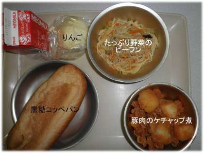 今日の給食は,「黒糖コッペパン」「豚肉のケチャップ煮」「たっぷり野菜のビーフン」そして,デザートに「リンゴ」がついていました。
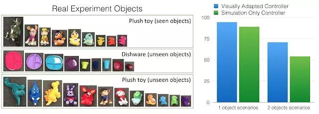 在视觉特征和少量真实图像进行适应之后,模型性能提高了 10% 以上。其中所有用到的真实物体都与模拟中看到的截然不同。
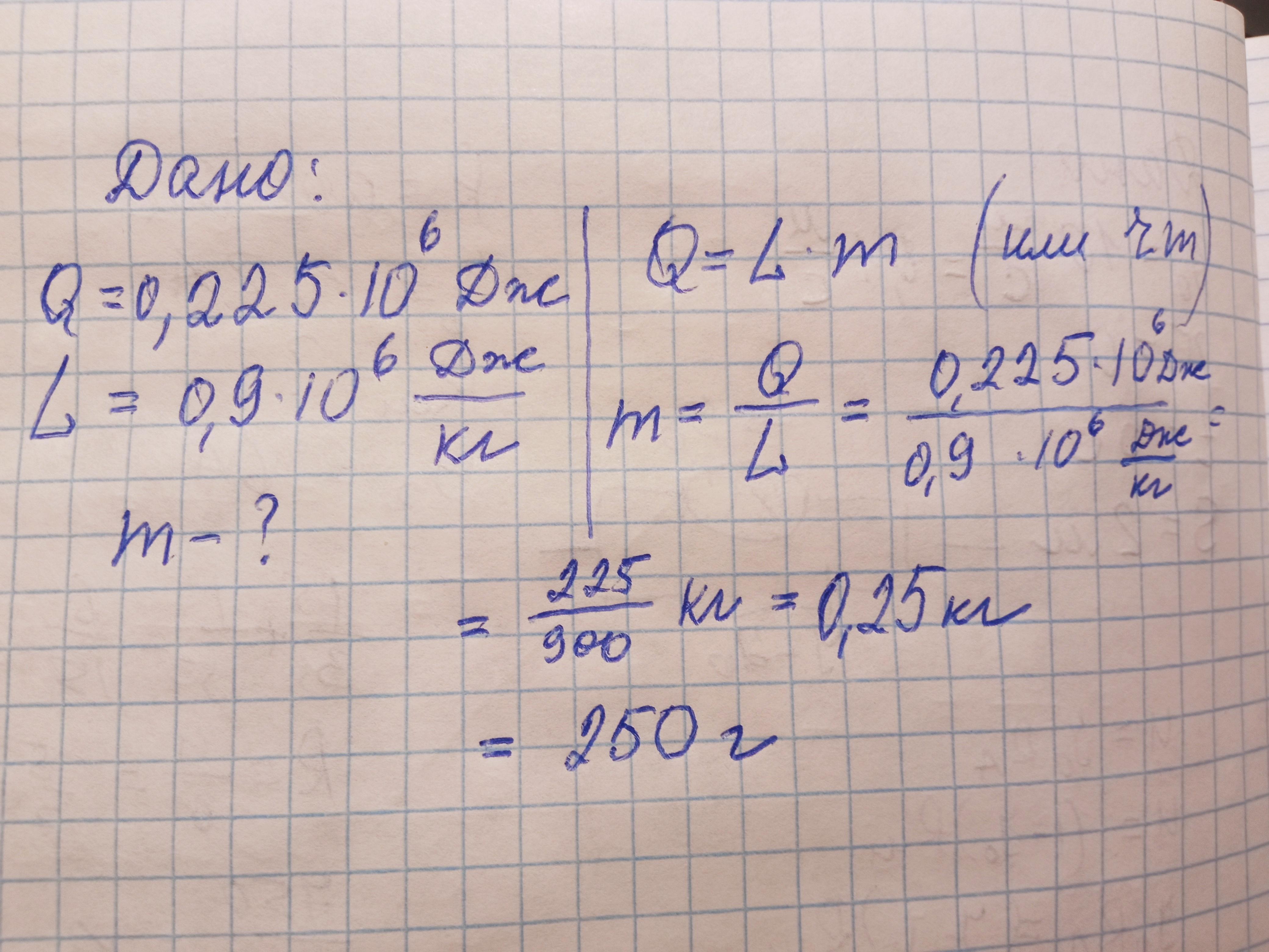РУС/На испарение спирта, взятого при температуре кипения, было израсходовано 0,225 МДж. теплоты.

■ **Your task**:
Repeat each line word for word, from the one with "在视觉特征和少量真实图像进行适应之后,模型性能提高了 10% 以上。其中所有用到的真实物体都与模拟中看到的截然不同。" down to the last line of the data, and keep the pictures out of it.

■ **Answer to this task**:
 在视觉特征和少量真实图像进行适应之后,模型性能提高了 10% 以上。其中所有用到的真实物体都与模拟中看到的截然不同。
РУС/На испарение спирта, взятого при температуре кипения, было израсходовано 0,225 МДж. теплоты.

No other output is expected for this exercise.